Some researchers and technologists are understandably calling for more holistic thinking about the kinds of systems and tools that are being built. The academic Kate Crawford, who specializes in the social impact of data systems, asks audiences, “What kind of world do we want to live in?” Princeton computer scientist Arvind Narayanan argues, “It’s not enough to ask if code executes correctly. We also need to ask if it makes society better or worse.”

Neither distributional nor representative forms of harm can survive without a cultural backdrop that enables them.

The sentiment is a good one — we should certainly work to make the world better for lots of people and not just a few. But this kind of call to action risks hollowness if it doesn’t focus on those people being hurt by discriminatory systems. As author Mandy Henk noted, our subjects aren’t some amorphous “they.” Instead, our discussions need to be grounded in the political and cultural contexts that make these people vulnerable or marginalized in the first place.

Others have suggested that both the collection of data and the design of data-driven systems must become more transparent, which will help ensure that everything is fair and representative. There are certainly cases where datasheets for AI or more robust peer review might be a good idea, but imagining ethical paths forward for research, big data, and algorithms means going beyond technocratic solutions. We have to work much harder to exercise patience, empathy, and humility in how we conceive of the lives and experiences of our data subjects.

To begin, engineers and data scientists are far more likely to create balanced and representational products if they themselves are from a diverse range of backgrounds. “If we don’t have diversity in our set of researchers, we are not going to address problems that are faced by the majority of people in the world,” said Microsoft research scientist Timnit Gebru. “When problems don’t affect us, we don’t think they’re that important, and we might not even know what these problems are because we’re not interacting with the people who are experiencing them.”

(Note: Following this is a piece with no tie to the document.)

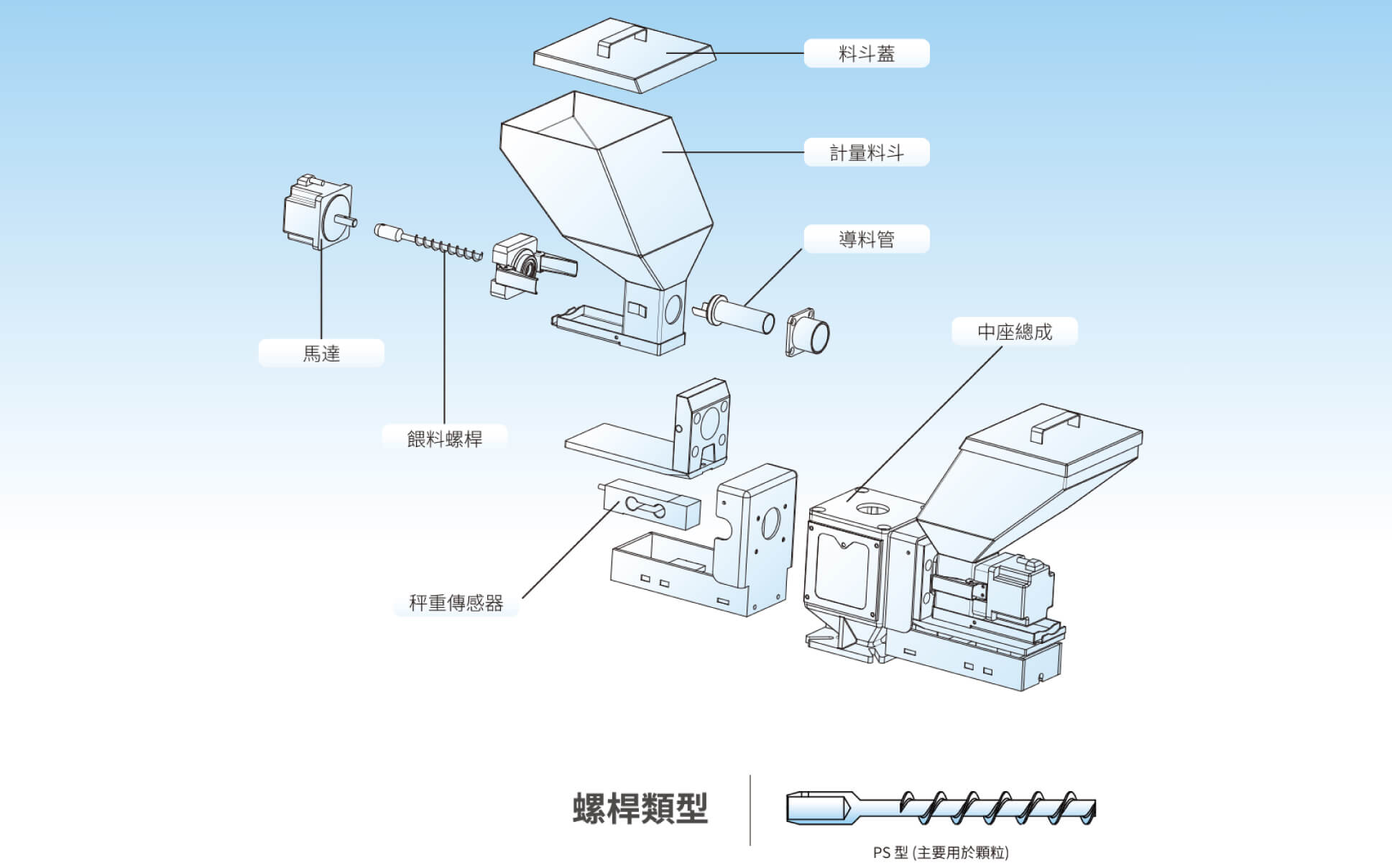 色料機是我們模組化配料解決方案的一部分。 它以經濟實惠的價格滿足了對精密配料裝置的需求。 它配備了高品質的步進馬達、多種配料缸和螺桿、不銹鋼料斗和堅固的中座總成。

Engaging with humanities and social science projects can also help. To that end, it is welcome news that the Social Science Research Council recently announced that it’s partnering with Facebook to give independent researchers access to the company’s data. It’s a potentially huge step toward gaining a better understanding of how data-intensive social platforms like Facebook shape our world — and the lives of people in it.

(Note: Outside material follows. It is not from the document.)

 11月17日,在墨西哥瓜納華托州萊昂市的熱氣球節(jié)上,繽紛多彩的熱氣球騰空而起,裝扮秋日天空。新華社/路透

Yet engaging other kinds of research isn’t enough. Social scientists have had their own share of high-profile controversies, from failing to secure the privacy of research subjects to experimenting with people’s emotions without their consent. But many others have succeeded in meaningfully focusing on the lives and experiences of their subjects, from indigenous and border communities’ use of fitness trackers and the impact of data collection on marginalized groups in major U.S. cities to online privacy and intimate partner abuse. Our engagement, then, must be well-considered and put the needs and vulnerabilities of specific groups first.

It is important to ask who might be damaged by a certain set of assumptions and a certain algorithmic solution. We should also ask: Who does this protect? Who cannot be a target of this set of data? I am shielding someone — what does that say about my system?

Most important, engineers and data scientists need to listen to and engage with affected communities.

They should understand the struggles and histories of vulnerable communities and be ready to challenge their own assumptions.

They should offer support and resources — not opinions.

They should support legislation, causes, and organizations that improve lives without making them increasingly dependent on data-intensive systems of tracking and control.

They should not draw on the lives and experiences of their subjects without contributing something in return.

Ultimately, we need empathy and thoughtfulness in the design of algorithms and data science if we are to change the damaging cultural narratives that reinforce injustice and inequality for vulnerable people.

Because it’s never “just” an algorithm. And there’s no such thing as “just” an engineer.